Exercise | Copy out each line featuring the string "Arena" from the entries beneath.

Excerpts from a dataset:
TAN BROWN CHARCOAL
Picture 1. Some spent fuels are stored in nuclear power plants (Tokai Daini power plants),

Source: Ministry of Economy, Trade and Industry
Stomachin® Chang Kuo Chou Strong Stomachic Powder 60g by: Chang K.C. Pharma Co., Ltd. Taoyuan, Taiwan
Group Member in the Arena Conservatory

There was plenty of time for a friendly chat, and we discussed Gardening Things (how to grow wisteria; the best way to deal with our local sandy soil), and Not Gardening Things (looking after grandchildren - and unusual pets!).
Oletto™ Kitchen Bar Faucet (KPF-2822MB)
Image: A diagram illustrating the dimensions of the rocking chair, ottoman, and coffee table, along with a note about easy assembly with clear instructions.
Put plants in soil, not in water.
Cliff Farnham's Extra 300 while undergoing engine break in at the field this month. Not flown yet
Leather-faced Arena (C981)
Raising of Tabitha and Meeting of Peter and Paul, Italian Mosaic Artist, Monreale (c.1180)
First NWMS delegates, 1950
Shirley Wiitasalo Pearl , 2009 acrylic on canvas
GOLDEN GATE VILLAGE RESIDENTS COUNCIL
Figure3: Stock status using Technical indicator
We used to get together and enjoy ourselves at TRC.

* * *

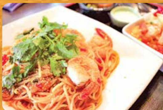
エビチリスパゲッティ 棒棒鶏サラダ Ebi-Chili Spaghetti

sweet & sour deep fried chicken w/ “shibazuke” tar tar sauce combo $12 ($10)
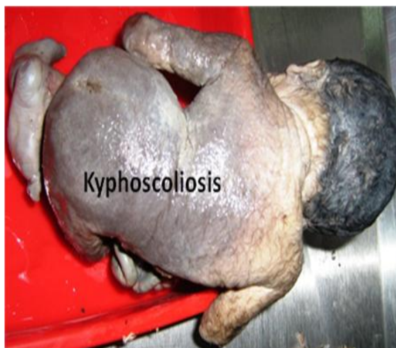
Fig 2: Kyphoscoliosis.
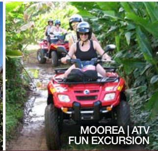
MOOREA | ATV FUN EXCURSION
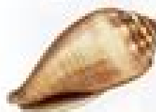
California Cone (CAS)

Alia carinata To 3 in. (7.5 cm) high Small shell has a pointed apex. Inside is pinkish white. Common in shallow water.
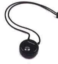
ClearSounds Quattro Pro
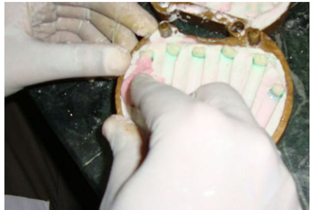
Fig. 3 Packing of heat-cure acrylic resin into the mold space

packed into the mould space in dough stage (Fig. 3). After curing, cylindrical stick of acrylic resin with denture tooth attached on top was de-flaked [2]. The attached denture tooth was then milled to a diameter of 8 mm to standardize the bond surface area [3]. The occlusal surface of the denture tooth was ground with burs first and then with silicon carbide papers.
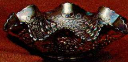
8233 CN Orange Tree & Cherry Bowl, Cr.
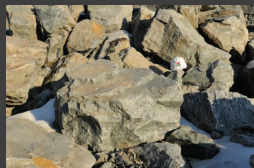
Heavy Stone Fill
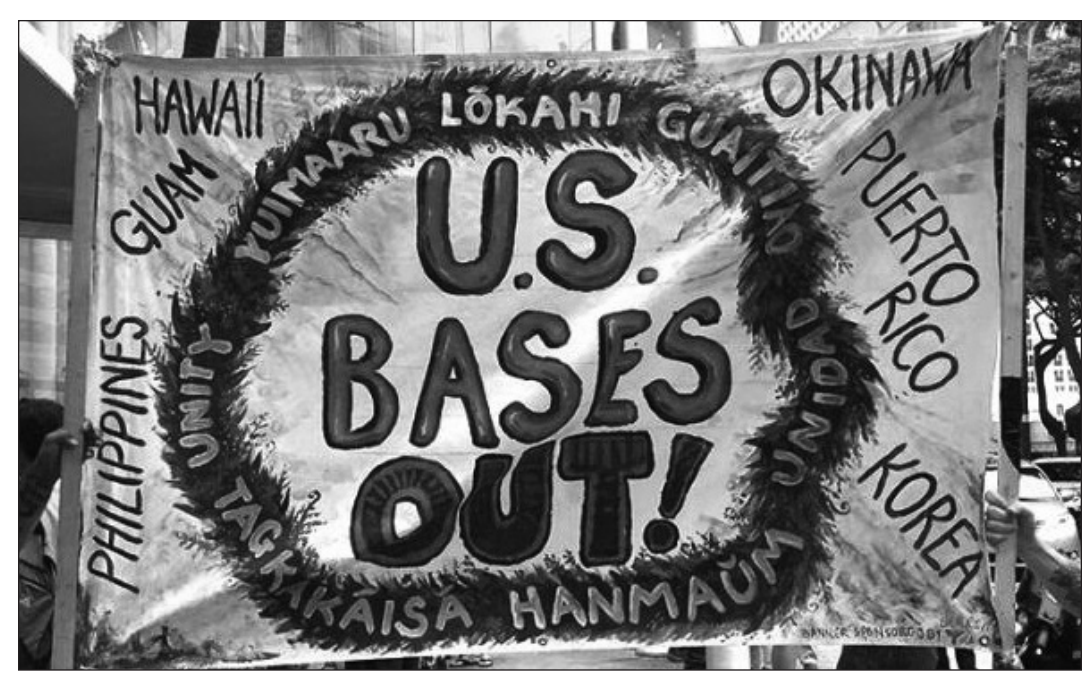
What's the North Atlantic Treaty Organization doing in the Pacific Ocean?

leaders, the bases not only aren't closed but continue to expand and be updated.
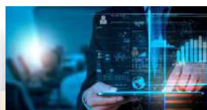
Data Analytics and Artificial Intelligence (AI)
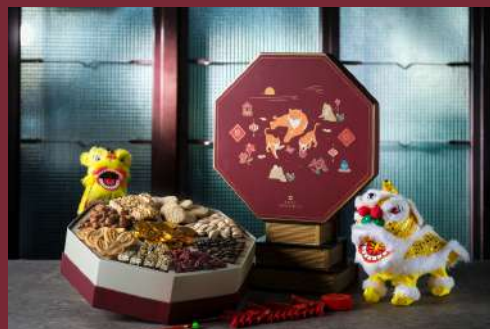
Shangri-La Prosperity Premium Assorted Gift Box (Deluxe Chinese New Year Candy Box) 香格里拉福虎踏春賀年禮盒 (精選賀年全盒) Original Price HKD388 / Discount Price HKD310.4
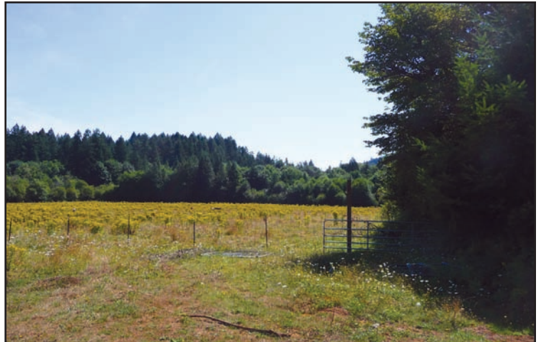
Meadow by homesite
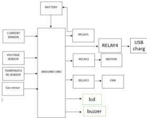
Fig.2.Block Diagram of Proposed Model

Answer to this problem |
Group Member in the Arena Conservatory
Leather-faced Arena (C981)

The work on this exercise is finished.